First-time feature director James Wan, a veteran of several TV cooking shows, of all things, need not worry. If Saw isn't the scariest horror movie of the year, it's certainly the most brutal. There are no cutaways from violent acts here, no grotesque depravity Wan is afraid to visit upon his characters, and most important, there's no one who's safe from the carnage. In most horror films these days, one need only look at the order in which the actors' names appear on the poster to determine who will be left alive at the end. This inevitably saps the level of suspense -- why fear for a character if you know, more or less, that he or she is likely to prevail? Real scaremongers know, and take to heart, the Joe Bob Briggs Rule for Scary Movies: Anyone can die at any time.

In case it isn't already abundantly clear to you, Saw is not a casual date movie. Many will decry it as excessive or sadistic; cultural conservatives will most certainly deem it abhorrent. Scored by Nine Inch Nails' Charlie Clouser, this is a movie for those who already own the bootleg, uncensored cuts of that band's videos and think Natural Born Killers wasn't sufficiently bloodthirsty. Fans of industrial music finally have a mainstream movie release that represents their Zeitgeist -- even the pig mask occasionally worn by the killer seems to be a reference to the frequent use of the word "pig" in industrial songs, which in turn is inspired by the fact that Charles Manson said it a lot.

Anyway. Two men awaken from unconsciousness in a large, dingy bathroom. They are chained to opposite ends of the room, and between them is the body of a man who has apparently blown his own brains out. The younger of the two men, Adam (screenwriter Leigh Whannell), is a photographer; the older, Lawrence (Cary Elwes), is a doctor. Both have envelopes in their pockets containing microcassettes, and Lawrence's also has a single bullet and a small key. The dead man in the middle of the room has a microcassette player.

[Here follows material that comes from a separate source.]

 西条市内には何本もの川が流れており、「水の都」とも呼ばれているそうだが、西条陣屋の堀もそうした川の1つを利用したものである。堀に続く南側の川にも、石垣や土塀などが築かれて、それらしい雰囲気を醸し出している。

Lawrence gradually figures out what's happening. Not long ago, he was interrogated by police as a suspect in a case involving a mysterious maniac known as Jigsaw. Referred to as a serial killer, Jigsaw hasn't actually killed anyone in the literal sense. Rather, he singles out people whom he feels don't properly appreciate life (among them Shawnee Smith, star of Chuck Russell's entertaining 1988 remake of The Blob) and places them in elaborate traps that require either self-mutilation or the murder of another person in order to escape. In the trap at hand, Lawrence learns from the tape that he must kill Adam by 6 p.m., or his wife and daughter will be killed. Adam can protect himself by escaping first, but there's only one apparent way to do that: Use the bone saws provided to cut off his own foot, thereby escaping the thick chain that binds his leg to the wall (a blatant lift from Mad Max).

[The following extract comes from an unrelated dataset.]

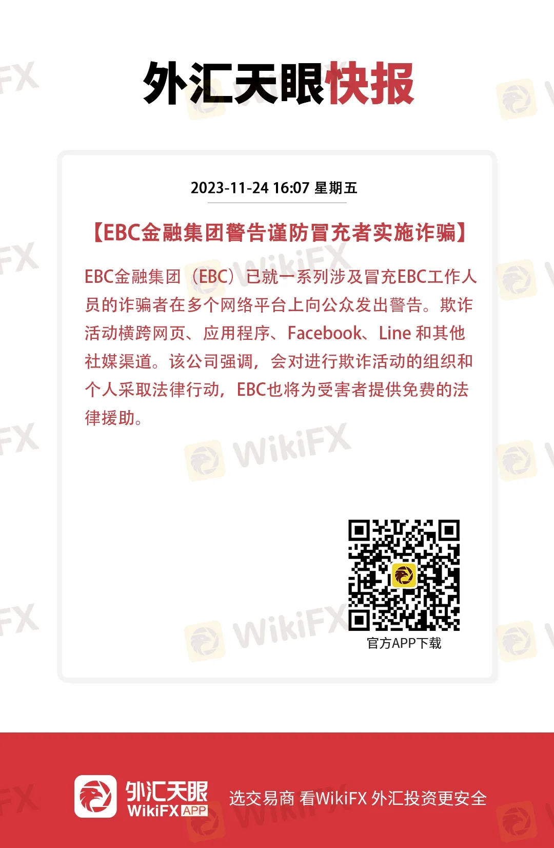 EBC金融集团警告谨防冒充者实施诈骗

Although the men remain in the room for most of the film, the narrative frequently jumps back in time, as we learn more about exactly how Lawrence and Adam came to be there, what their connection to each other is, and how one particular cop (Danny Glover) became obsessed with the Jigsaw case. We're given reasons to suspect that any of them might be in on it. And gradually, more clues are found and put together, in the manner of survival horror video games like Resident Evil (a point lost on the makers of the recent Resident Evil: Apocalypse). Pay close attention, though, as the flashbacks aren't necessarily in the linear order they initially appear to be.

Director Wan is fond of using fast-forward motion to convey information quickly, a tic likely picked up from Tool videos, and at times goes into near-subliminal montages that make a good fit with Clouser's NIN sound-alike score. The quick cuts, when they happen, make sense; this isn't another one of those action movies that uses bad editing to cover up worse fight choreography. Wan also isn't afraid of total darkness -- visually, Saw features the least-lit interiors since David Fincher's Panic Room.

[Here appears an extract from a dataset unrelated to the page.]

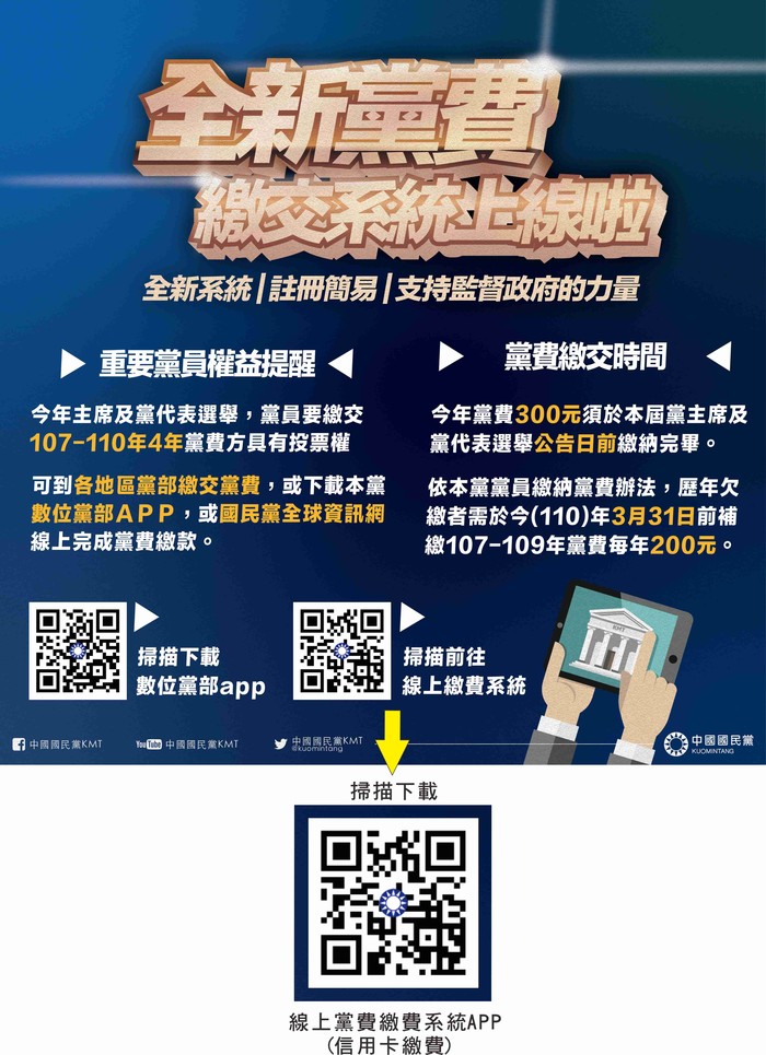 中國國民黨預定今(110)年年中將舉行黨主席及黨代表選舉,組發會特別提醒,黨員要繳齊107年至110年、共4年的黨費才具有投票權,繳費時間及金額說明如下:

Wan gets so much right that it's a shame he slips up in a couple of key areas. The lead actors simply aren't that great, for one thing. Whannell does OK for a first-timer, but he just doesn't yet have it in him to pull off a lead role, especially an emotionally grueling one. Elwes is better, but not by much. Both manage to pull things together for the climax, but their ability seems to fade in and out several times prior.

As to the climax -- without spoiling, let's just say it depends upon something rather implausible. It's stretching, but possible, to believe in a villain so utterly brilliant that he can anticipate everything -- even the parts of his plan that may go wrong and require double or triple fail-safes. Toward the end, though, he does something that strains believability past the breaking point. It probably won't matter until you start thinking about it afterwards, but if this thing becomes a franchise, let's demand more logic for the sequel.